▸ About this task
From the records below, output exactly the lines running from the line containing "Carron Imperial Single" through the line containing "现在的手机屏幕越来越大了,而", and no others.

▸ Material for this task
"""
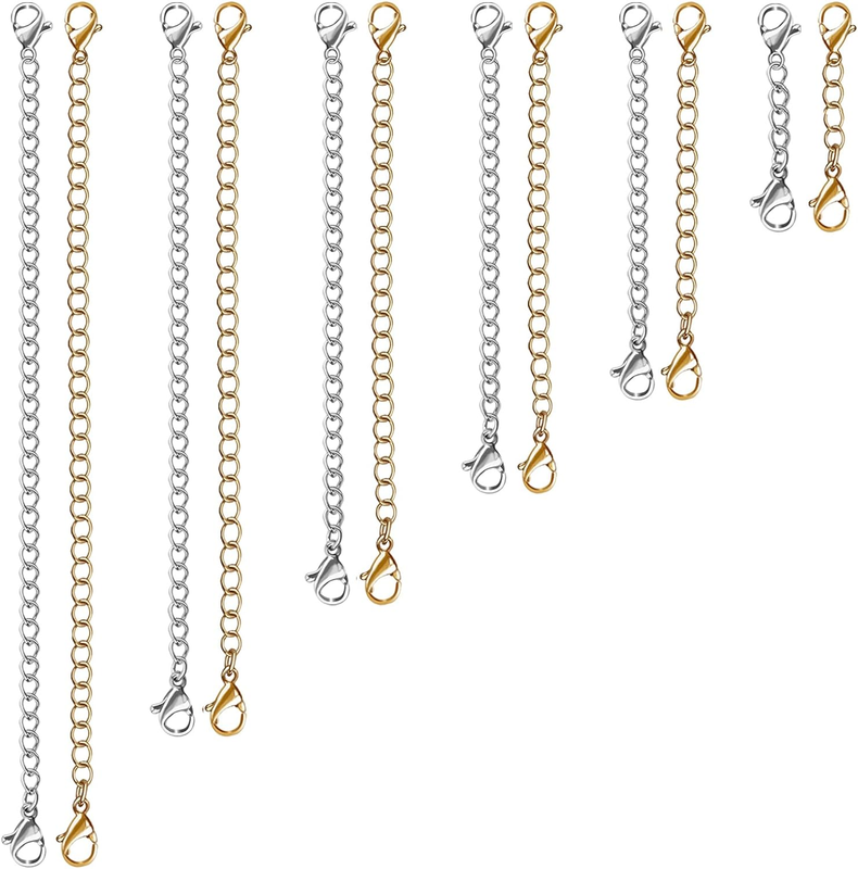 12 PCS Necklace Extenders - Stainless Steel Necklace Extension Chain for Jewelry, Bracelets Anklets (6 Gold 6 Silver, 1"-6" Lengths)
"""
"""
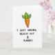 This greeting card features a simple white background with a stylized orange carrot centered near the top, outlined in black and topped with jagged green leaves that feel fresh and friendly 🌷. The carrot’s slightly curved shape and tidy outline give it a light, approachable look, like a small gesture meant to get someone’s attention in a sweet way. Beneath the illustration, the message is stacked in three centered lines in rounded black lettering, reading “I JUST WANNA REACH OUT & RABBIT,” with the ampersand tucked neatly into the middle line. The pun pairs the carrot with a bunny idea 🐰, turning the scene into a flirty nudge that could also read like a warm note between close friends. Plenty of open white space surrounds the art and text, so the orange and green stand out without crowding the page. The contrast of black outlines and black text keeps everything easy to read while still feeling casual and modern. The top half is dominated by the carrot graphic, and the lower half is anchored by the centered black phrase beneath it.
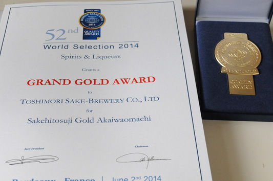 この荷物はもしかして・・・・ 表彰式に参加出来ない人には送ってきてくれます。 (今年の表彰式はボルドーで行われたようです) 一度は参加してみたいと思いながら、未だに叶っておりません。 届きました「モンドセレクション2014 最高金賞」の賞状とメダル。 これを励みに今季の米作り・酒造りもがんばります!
"""
"""
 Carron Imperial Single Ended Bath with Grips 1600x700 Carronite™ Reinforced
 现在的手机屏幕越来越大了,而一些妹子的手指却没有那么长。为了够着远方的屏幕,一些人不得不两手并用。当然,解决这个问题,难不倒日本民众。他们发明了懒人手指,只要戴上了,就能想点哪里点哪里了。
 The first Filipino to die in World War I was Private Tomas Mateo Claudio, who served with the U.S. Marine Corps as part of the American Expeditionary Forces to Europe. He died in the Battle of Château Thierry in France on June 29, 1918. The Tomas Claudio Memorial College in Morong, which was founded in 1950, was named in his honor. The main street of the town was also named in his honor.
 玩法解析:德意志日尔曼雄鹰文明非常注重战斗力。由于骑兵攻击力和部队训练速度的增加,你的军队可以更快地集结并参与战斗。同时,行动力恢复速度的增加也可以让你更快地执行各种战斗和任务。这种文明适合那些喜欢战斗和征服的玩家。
"""
▸ Task solution
 Carron Imperial Single Ended Bath with Grips 1600x700 Carronite™ Reinforced
 现在的手机屏幕越来越大了,而一些妹子的手指却没有那么长。为了够着远方的屏幕,一些人不得不两手并用。当然,解决这个问题,难不倒日本民众。他们发明了懒人手指,只要戴上了,就能想点哪里点哪里了。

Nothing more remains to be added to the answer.